Item 1 is quite simple to be implemented; we can just use count(a_column) to get the not null count for a column. For item 2, we have to take a lot of factor into consideration, such as: sparse column cannot be created at text type, or columns have default, unique constraint, index defined, and different type has different cut-off null ratio (such as only 98% of a bit column is null, we can turn it into sparse). The MSDN BOL on Using Sparse Column has the minimal null percentage requirement for different types in order to achieve 40% space saving. For item 3, we can use similar way as the compression did by sampling data into temp db and change columns into sparse. For item 4, it is not trivial as well, because currently we can also change one column into sparse in a DDL statement, and it is a size operation. Suppose you have ~200 columns to be changed to sparse, you can issue 200 alter table statement (of course, it will scan the table 200 times). The workaround is that you can move the data to a temp table, and truncate the original table, so that it will be a non-size operation. After that, you can copy your data back. The solution needs to be finding case by case. In the project management case, I can use the second option for two tables which took 20 minutes, but for one table, WorkItemsAre, which has timestamp defined, I have to use alter table ~200 times which took one and half hours.
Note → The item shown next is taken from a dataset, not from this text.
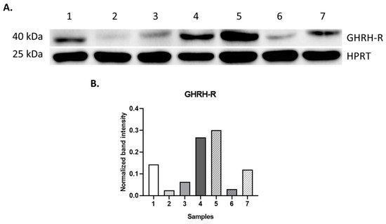 Pediatric tissue samples were homogenized and lysed in ice-cold protein lysis buffer (M-PER, Thermo Fisher Scientific, Waltham, MA, USA), which was supplemented with protease and phosphatase inhibitors (Sigma-Aldrich, St. Louis, MO, USA). The Bradford assay was applied for protein quantification. Before Western blotting, proteins were diluted with 4× Laemmli buffer (1610747, Bio-Rad Laboratories, Irvine, CA, USA) and 40 μg of each protein sample in equal volumes were denatured at 95 °C for 8 min. Afterwards, protein lysates were separated on a 10% sodium dodecyl sulfate-polyacrylamide gel by electrophoresis (SDS-PAGE). To define the size of the separated proteins, using Precision Plus Dual Color Protein Standard as molecular weight marker (1610374, Bio-Rad Laboratories, Irvine, CA, USA) was also loaded on the SDS-PAGE. Then, proteins were transferred to a polyvinylidene fluoride (PVDF) membrane (Millipore, Burlington, MA, USA). Non-specific binding sites were blocked with 5% milk-TBS-Tween, followed by the incubation of the membranes with the following primary antibodies overnight, at 4 °C: anti-GHRH-R antibody (1:1000 dilution, GHRH-R polyclonal antibody: PA3-117, Thermo Fisher Scientific, Waltham, MA, USA) and anti-HPRT antibody (1:1000 dilution, P00492 rabbit monoclonal; Biol. Technology, Carlsbad, CA, USA). HPRT as a housekeeping protein was measured to ensure equal loading of all samples. After extensive washing steps with TBS-Tween, membranes were incubated with anti-rabbit IgG secondary antibody (1:5000, Thermo Fisher Scientific, Waltham, MA, USA—diluted in 5% skin milk in TBS-Tween) for two hours at room temperature. Then, after washing membranes with TBS-Tween several times, the signal was detected by chemiluminescence using Clarity Western ECL Substrate (Bio-Rad Laboratories, Hercules, CA, USA). The intensity of each band was normalized to HPRT. Quantification was carried out using the Bio-Rad Image Lab 5.2.1 software (Bio-Rad Laboratories, Hercules, CA, USA).
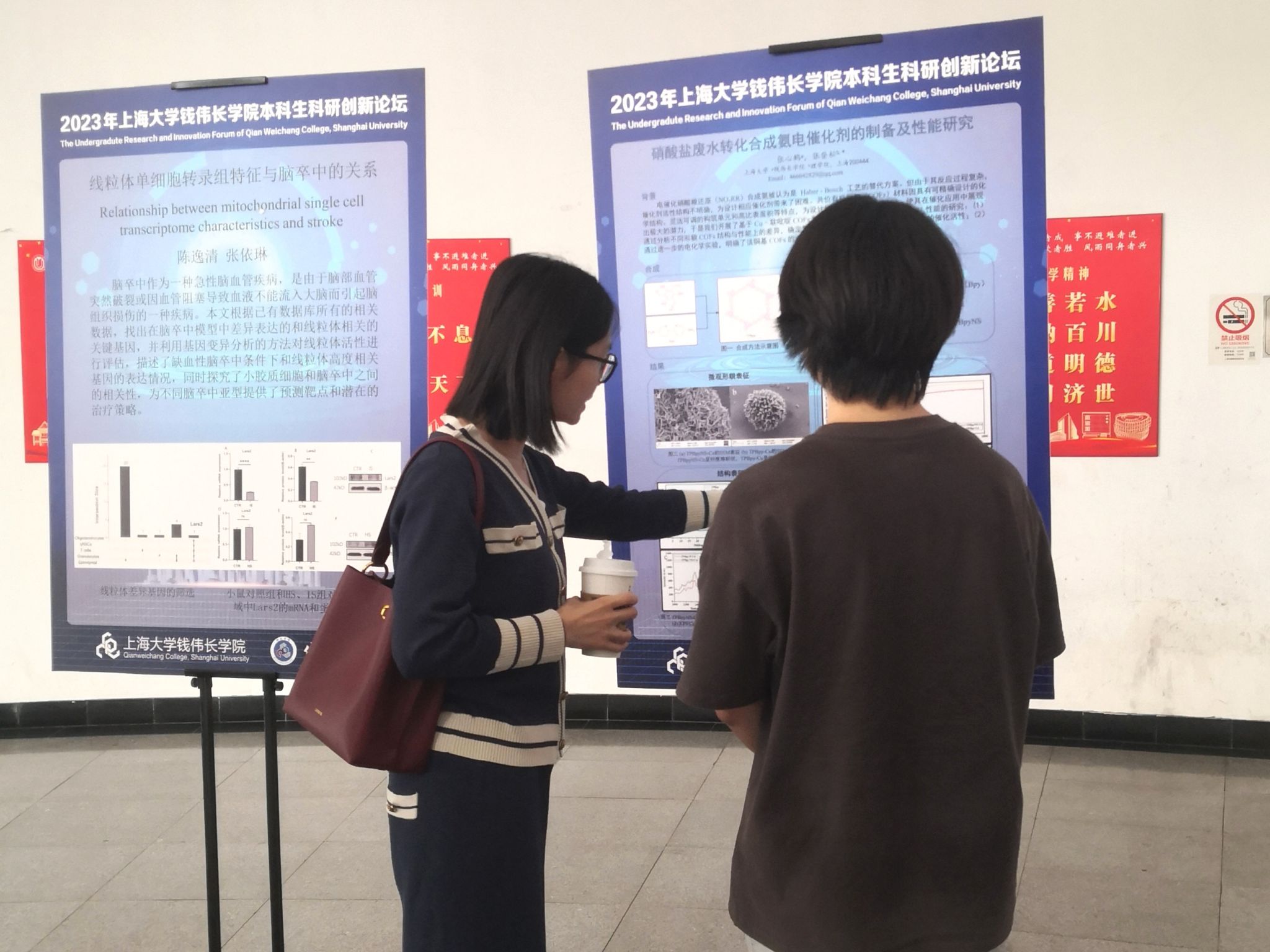 接下来,各参赛项目在J楼大厅进行墙报展示,并接受评委和观摩同学的现场问辩。墙报展示环节气氛热烈,不同的观点碰撞也充分展示并激发了伟长学子对于科研的热情。在本次论坛的答辩环节上,同步开展了钱伟长学院未来科学家培养计划(QUEST)第一期立项项目的中期考核。在三个分论坛上,评委们针对各答辩项目存在的亮点和改进空间给出了富有建设性的意见。

Another import fact is that alter columns into sparse will not automatic save space, user have to explicit rebuild index to reclaim the space. Finally, I use the tablediff Utility to make sure the data is consistent after applying sparse to the columns.
I attached one slide about my experiment on this project in this Blog. Also, I shared the code I used for changing columns into sparse. My next blog entry will be re-designing the system using new features available in SQL Server 2008.